Edit: This is extremely easy to demonstrate if you bring a cold drink outside on a hot, humid day. Visible water droplets will suddenly “appear” on the outside of the glass, until they are large enough to roll down and get your table all wet. The water rolling down the glass was always present in the air, but it wasn’t until the cold drink made the surrounding air cold enough that the water condensed out of it to turn into little drops of water.

Anonymous 0 Comments

You are working from an incorrect assumption that this is the case. Clouds are constantly forming and “unforming” as the water evaporates and condenses. Within and under any given cloud, there will be pretty much constant formation of water droplets and falling of rain.

The reason that you think that a tap is just turned on and it starts raining, is because you only notice it when it falls on you. Your position is only an extremely small area underneath any given cloud – so where you are, it is either raining or not. Whereas underneath the entire surface area of the cloud, it is much more likely to be raining at some given point.

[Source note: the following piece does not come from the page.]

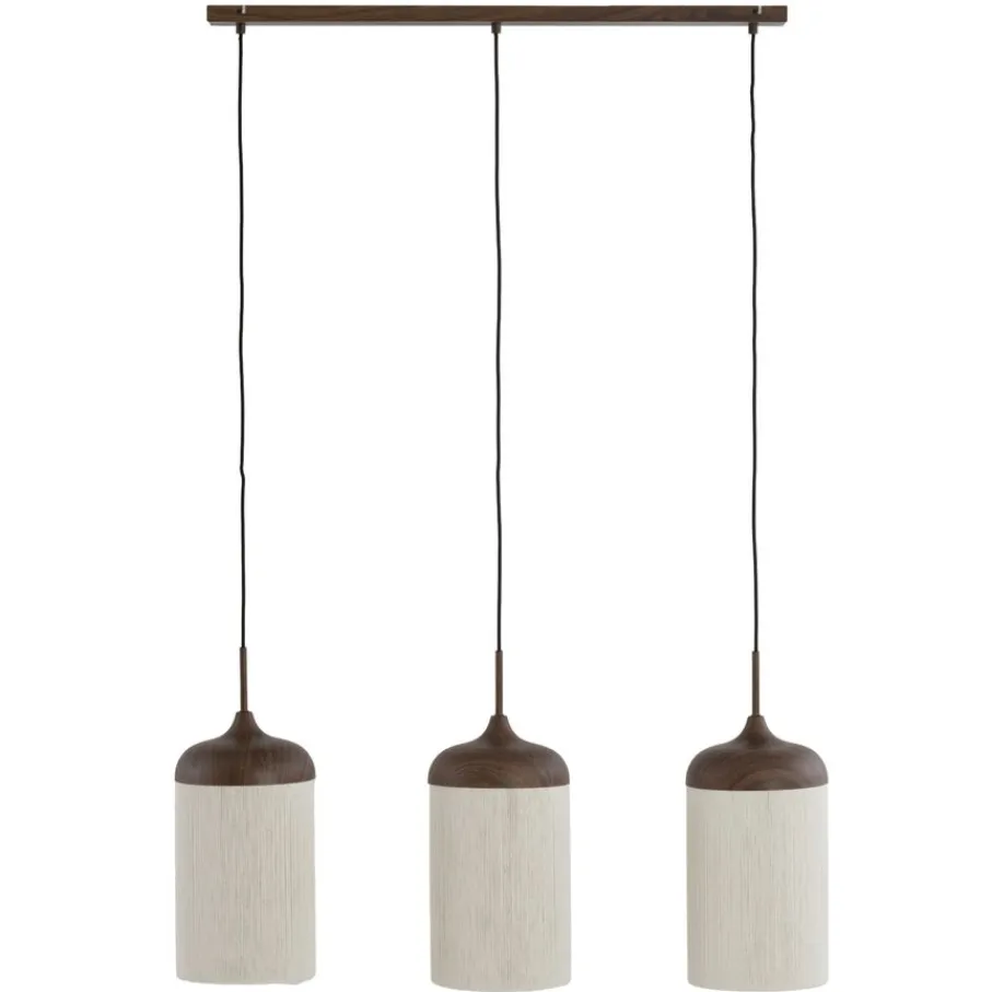 - Crèmekleurig touw en donkerbruine houtlook

There are also some independent variables that you haven’t taken into account , like atmospheric temperature, pressure, wind, height of the cloud, etc. For example, a cloud could be “raining” but very high up. By the time the rain reaches ground level it may have evaporated again so you don’t feel it.

Tl;dr it’s a lot more complicated than you seem to think

Anonymous 0 Comments

Clouds aren’t floating up there, at all. The cloud is water vapor, which is finely dispersed liquid, not the gas phase.

The reason clouds stay up there is a large amount of rising air and water vapor creating an updraft. It rains when the water forms droplets large enough that this updraft can’t support them anymore.